May I become so close to you that I do your work by bringing laughter to others.

May I be vulnerable enough, strong enough and safe enough to be foolish, so that I may bring forth ripples, peals, and chortles through silly speech, and goofy actions.

May I seek your favor by sharing a smile with a stranger.

I pray that everyone may have their hearts and bodies opened to rejoicing, even if for only the briefest of moments.

Even in pain there is joy. May we all seek beautiful, healing laughter, and know that it is good, right and balancing for the world and for us.

May your light pour forth from my eyes once again.

Venus as a Boy/Boi

Bjork’s Venus as a Boy

Venus as a Boy. I love that song, it just oozes hot yummy sex. Go treat yourself and have a listen.  It’s ok, I’ll wait right here…

The dude in that song is clearly confident, aesthetically driven, and a fine lover of women. Maybe you’ve known someone like him, I’ve been lucky to, but the song isn’t about a man inspired by Venus, it is really about a woman who has been touched by the Goddess through the touch of a man. He “sets off the beauty in her”. How awesome is that?

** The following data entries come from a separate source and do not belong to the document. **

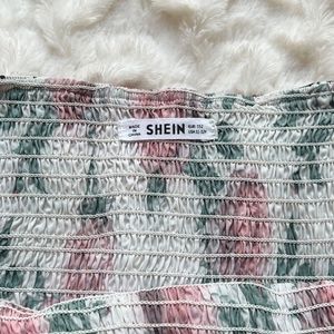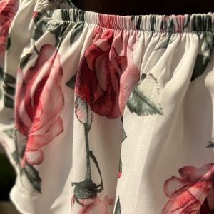 Roses on white fabric is shirred into a tube top with a neckline of the same fabric covering your shoulders.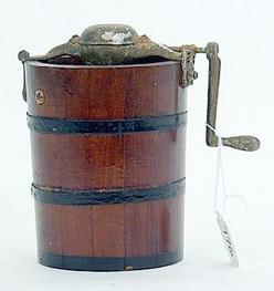 A miniature ice cream freezer marked Peerless Ice Land Freezer, wood with iron handle, tin staves and cylinder insert.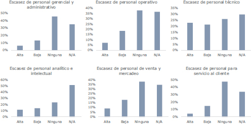 La encuesta también revela escasez de personal por categoría ocupacional (tablas A3-A8, apéndice). Solo el 9.5 % de las empresas reporta alta escasez de personal gerencial, mientras el 70 % indica no tener dificultades en esta categoría. En cambio, el 63 % señala escasez alta o moderada en posiciones técnicas y especializadas, y el 52 % reporta carencias significativas en analistas e ingenieros. Por el contrario, las posiciones de servicio al cliente, ventas y mercadeo no muestran escasez importante, con la mayoría indicando no tener dificultades para cubrirlas.
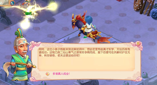 5, 进入麻姑洞,与黄龙真人对话,获得雪魄冰晶。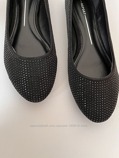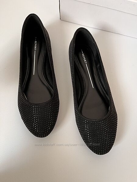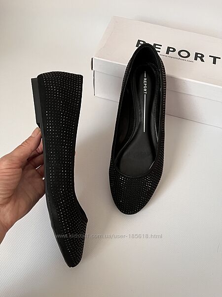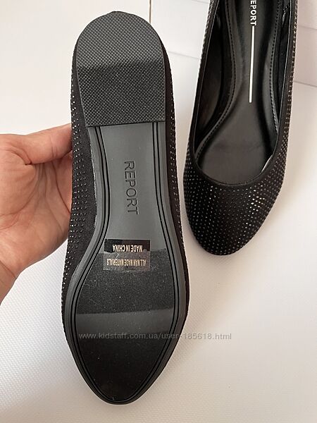 Легкі балетки Report зроблять щодень казково легким. Вони якісно виготовлені з синтетичного матеріалу з оздобленням мерехтливими камінчиками. Зручна м´яка устілка для комфортного носіння. Легко взуваються, міцно тримаються на ніжці.Розмір американський 9 (євро 39) - по устілці 26 см.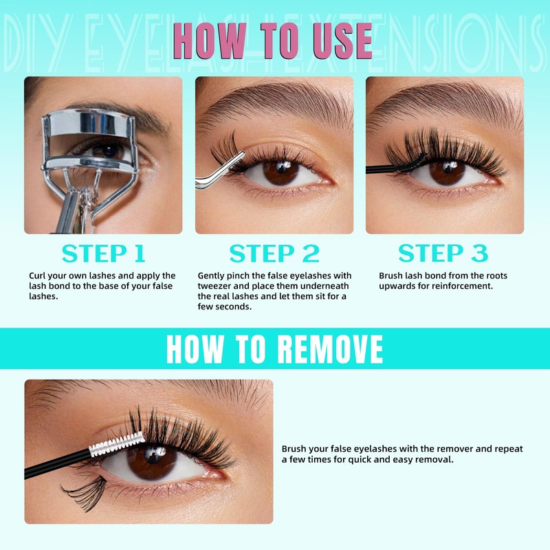 - Usage Suggestions: Please use tweezers to gently pick up the individual lashes from the band. Try attaching false cluster lashes underneath your own lashes for better fusion.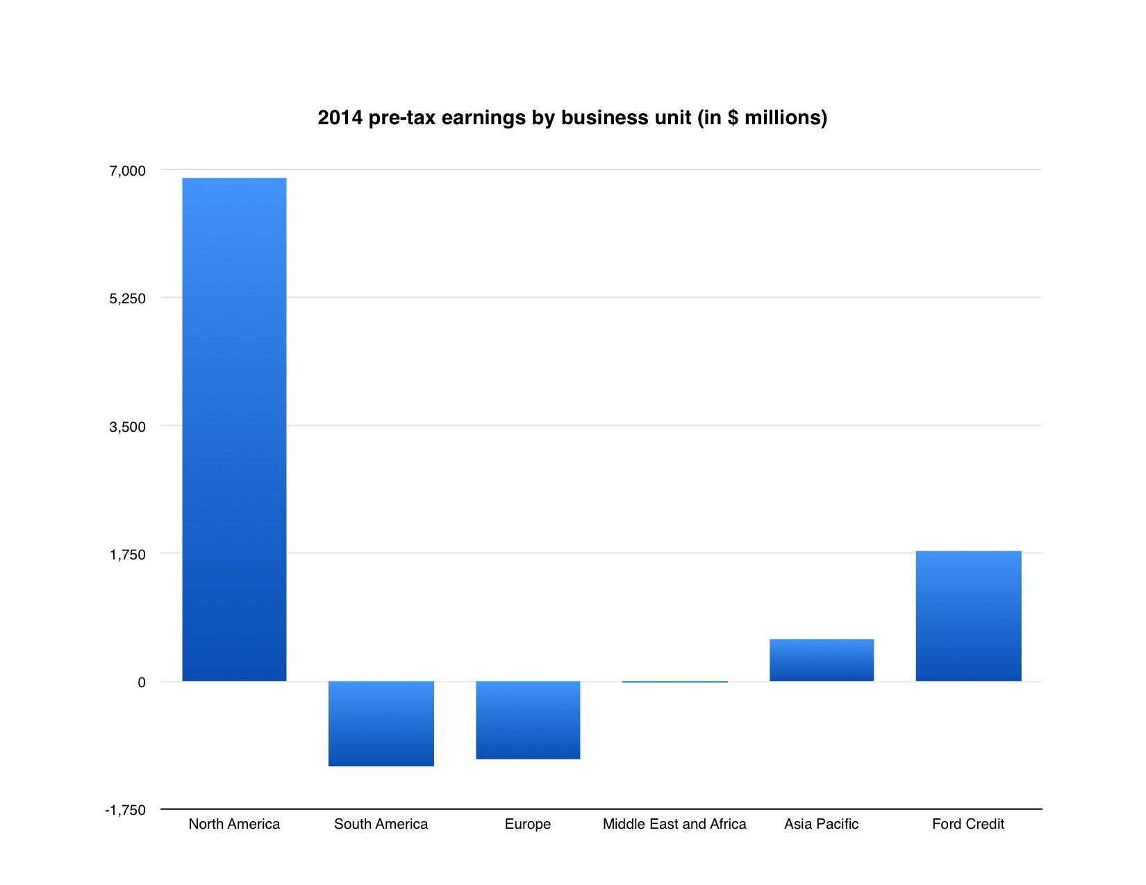 The chart below shows how the 2014 pre-tax income for each of Ford's regions stacks up: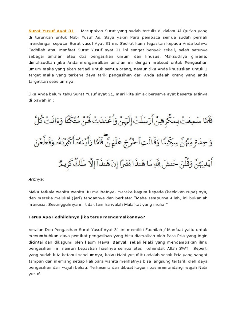 Untuk yang mengamalkan surat yusuf ayat 4 mengaku keampuhannya mengundang rasa cinta kasih pada sesama manusia. Sedikit kami tegaskan kepada anda bahwa fadhilah atau manfaat surat yusuf ayat 31 ini sangat banyak sekali salah satunya sebagai amalan atau doa pengasihan umum dan khusus. Untuk yang mengamalkan surat yusuf ayat 4 mengaku keampuhannya mengundang rasa cinta kasih pada sesama manusia.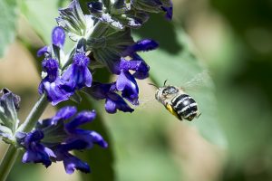 Plants attracting bee pollinators to Faye’s garden were a mix of native, exotics and included some succulents. Leschenaultia, Hibbertia sp., Hemiandra, bush basil, and Grevillea were amongst common bee attractants but the flowers of exotics like bolted kale, Hydrangea, Lantana, Pentas, Lobelia, Buddleia and others were also visited and used by insects.
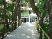 Номер, как номер, мебель нестарая. Но светильники висели, розетки поломаны, телефон, просто аппарат, без всяких проводов, для вида, что он есть. Мы проживали сначала в одном номере, потом в другом. Если хотите ночью тишины, то берите четные номера. В нечетных музыка с рецепшена, крики и прочие прелести ночного отдыха будут с вами. Для детей стоит одна поломанная ужасная горка, есть секция в бассей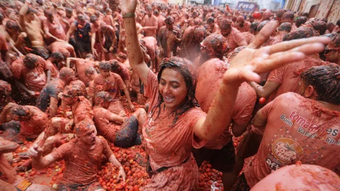 В іспанському місті Буньйоль, розташованому у провінції Валенсія, відбувся традиційний фестиваль Ла Томатіна, який цьогоріч залучив 22 тисячі гостей з різних країн світу. За одну годину центральна вулиця міста перетворилася на арену масштабної «битви» перестиглими помідорами.
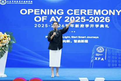 2025年9月4日,北京市新府学外国语学校处处洋溢着饱满热忱与无限希冀,以“逐光向新 智启新程”为主题的 2025 - 2026 学年第一学期开学典礼隆重举行。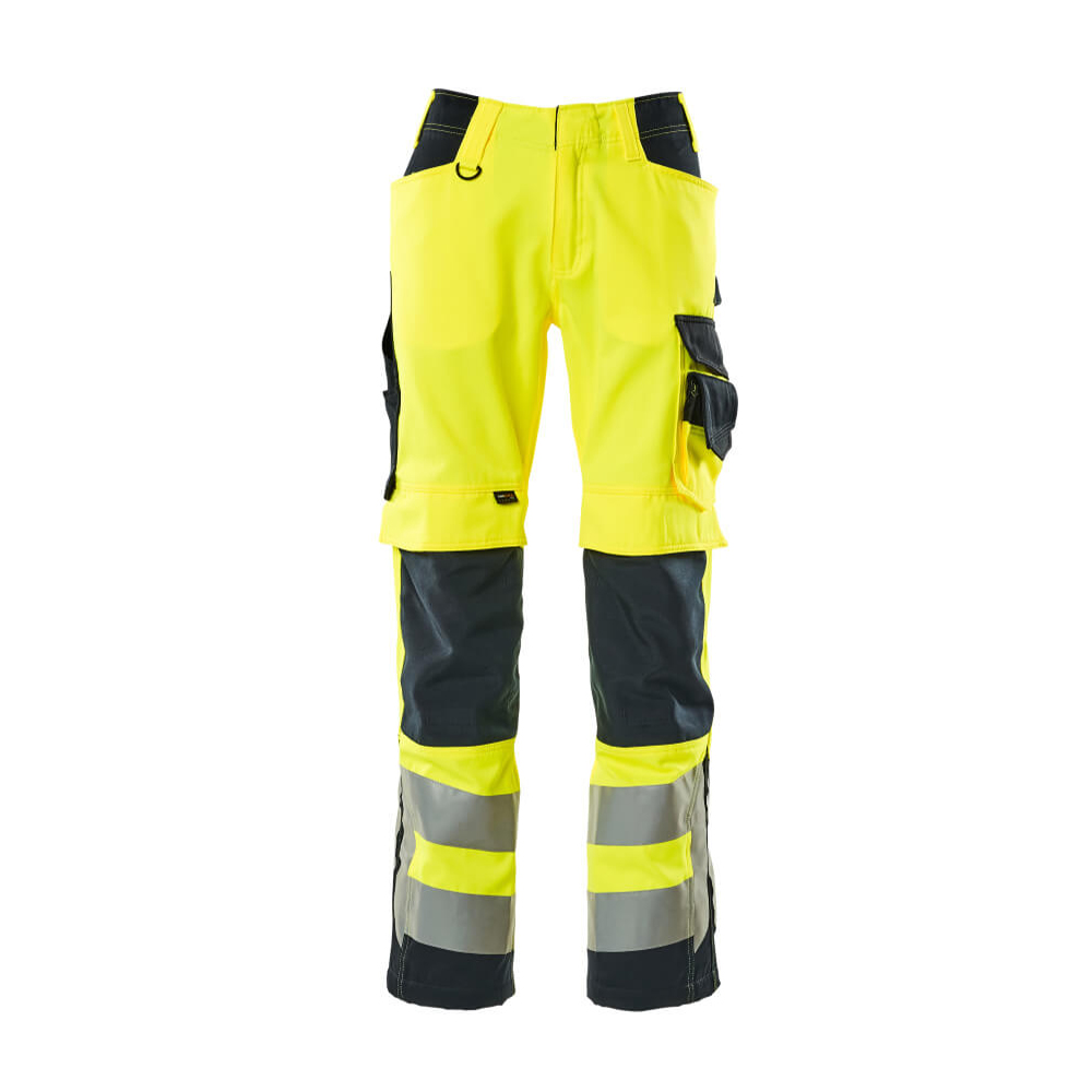 Fluorescerande och med reflexer. Tvåfärgat. Teflon® gör produkten smutsavvisande. Trenålsstickningar på benen och i grenen. Låg midja och formskuren linning. Byxbenen är ergonomiskt formade. Bältesstroppar. Gylf med blixtlås. D-ring. Fickor på framstycket. Bakfickor med förstärkningar, lock och dolda tryckknappar. Hammarstroppen är justerbar. Benficka med förstärkningar och extra fickor – en invändig telefonficka samt en utvändig telefonficka med lock och magnetknäppning. Tumstocksficka med CORDURA®-förstärkt öppning. Justerbara knäfickor i slitstark CORDURA® (500 D) med ficklock och öppning ovanifrån. Lodräta reflexremsor på yttersidan av benen för extra synlighet. Innerbenslängden kan ökas med 3 cm genom att ta bort den invändiga röda sömmen vid foten. Vi rekommenderar 00718-100, 00418-100, 50454-916 & 20118-915 knäskydd till den här modellen. Samcertifierade med knäskyddstyp SHORT eller LONG enligt EN 14404.

As I’ve noted before, Aphrodite is generally portrayed as the highest of High Femmes. Although I admit to being a bit of a power femme myself (I’m just drawn that way), I find that I really do not want to keep her there. Sure, it can be useful for me to see her and work with her that way sometimes (like when I’m adding to my sacred boot collection), but since I want to see her in All, I quite enjoy it when she shows up in other forms.  I feel with the right lens, we can see her float effortlessly along the gender spectrum.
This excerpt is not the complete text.